The Full Plan — SubQ Code Eval Framework

Context

SubQ Code is an AI coding agent orchestration and measurement platform that already parses sessions from 12 different agents and computes leverage metrics. However, there is no way to run agents head-to-head on the same task and deeply compare their full transcripts—system prompts, tool usage, token efficiency, timing, and failure patterns.

The goal: build a system that orchestrates headless sessions of SubQ Code, Claude Code, and Codex CLI on identical tasks in isolated git worktrees, captures enriched JSONL transcripts, and generates side-by-side analysis reports. The ultimate purpose—identify what it would take to make SubQ Code a more competent coding agent, primarily by analyzing where its behavior diverges from stronger agents and modifying its system prompts at various pipeline stages.

Design principle: LangChain’s harness engineering work proved that system prompt + tools + middleware optimization alone moved an agent 13.7 points on Terminal Bench 2.0 (52.8% → 66.5%) without changing the model. This “three-knob model” is the core design axis—each knob tunable and measurable independently.

Architecture

Six-stage data pipeline from task definition to comparison report.

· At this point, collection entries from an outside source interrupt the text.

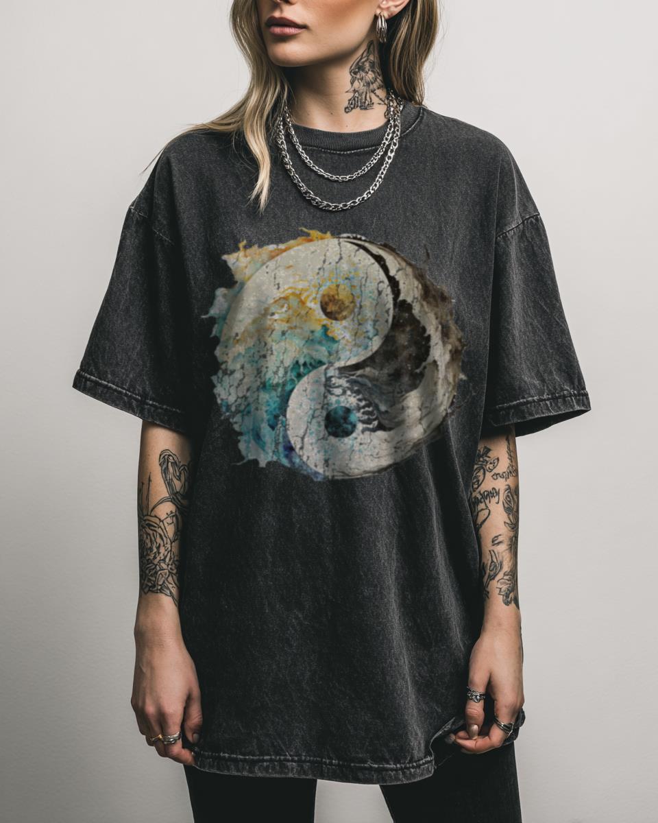 What Makes This Yin Yang Clouds T-Shirt a Symbol of Harmony? Embrace balance and harmony with this captivating Yin Yang Clouds T-Shirt, featuring a colorful, abstract graphic. This acidwash tee reimagines the ancient Yin Yang symbol amidst vibrant clouds, making it a unique piece for those who appreciate spiritual art and symbolic designs. Key Features…
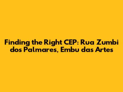 Hey guys, let's dive into something super practical today: figuring out the CEP (Código de Endereçamento Postal) for Rua Zumbi dos Palmares in Embu das Artes. This is something everyone needs to know when sending mail, packages, or even just trying to get a pizza delivered! But fear not, because it's easier than you think. We'll break down the process step by step, ensuring you get the correct CEP and understand why it's so important. Let's make sure your mail finds its destination without any delays, shall we?
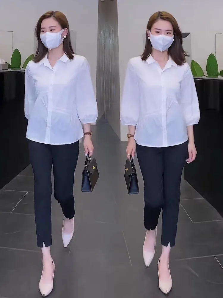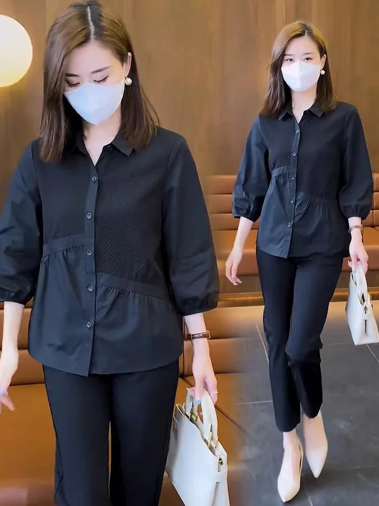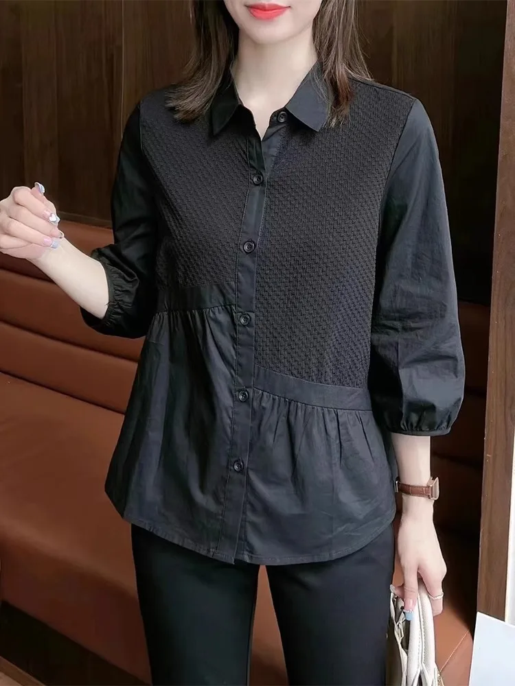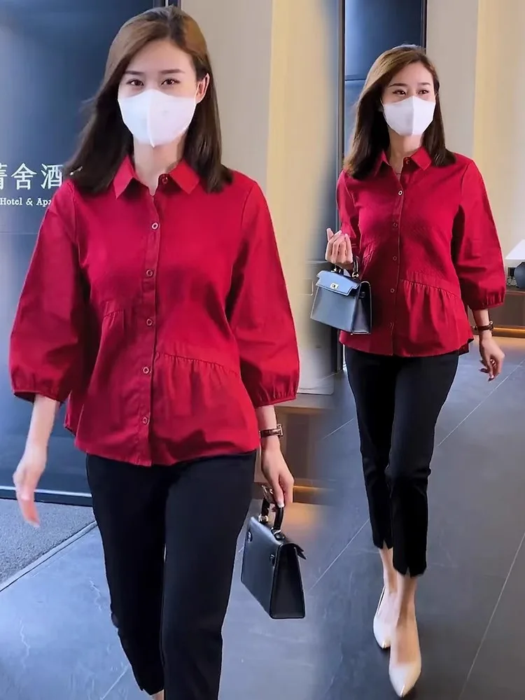Trendy Women's Shirt 3/4 Sleeves Stylish Blouse Elegant Versatile Base Layer Top

subq eval run <task> --agents pi-agent,claude-code --runs 3

1. orchestrator Parse task YAML, allocate worktrees sequentially, launch agents in parallel

2. adapters One per agent. Manage process lifecycle. Return RawAgentOutput (stdout + exit code + timestamps)

3. enrichers Parse RawAgentOutput into EnrichedEvent[] via Bun.JSONL.parseChunk(). Reuse parsers/ internals

4. normalizer EnrichedEvent[] → EnrichedSession with canonical tool names and detected milestones

5. comparison Align sessions by milestone. Compute efficiency metrics. Diff system prompts. Run LLM judge

6. reporter Render TUI dashboard, JSON (--robot), or HTML report

File Structure

14 files under apps/cli/src/eval/, reduced from 27 in the original plan.

apps/cli/src/eval/

core types.ts — all types + TypeBox schemas

core task.ts — YAML task loading (custom only for MVP)

core worktree.ts — git worktree allocation/cleanup

core orchestrator.ts — parallel agent execution with timeout

-----

adapters types.ts — AgentAdapter, AgentRunHandle, ProcessSpawner

adapters index.ts — ALL_ADAPTERS barrel + registry

adapters pi-agent.ts — SubQ: spawn --json, pipe stdout

adapters claude-code.ts — Claude: spawn -p stream-json, pipe stdout

-----

pipeline enricher.ts — unified enrichment (reuses parsers/ internals)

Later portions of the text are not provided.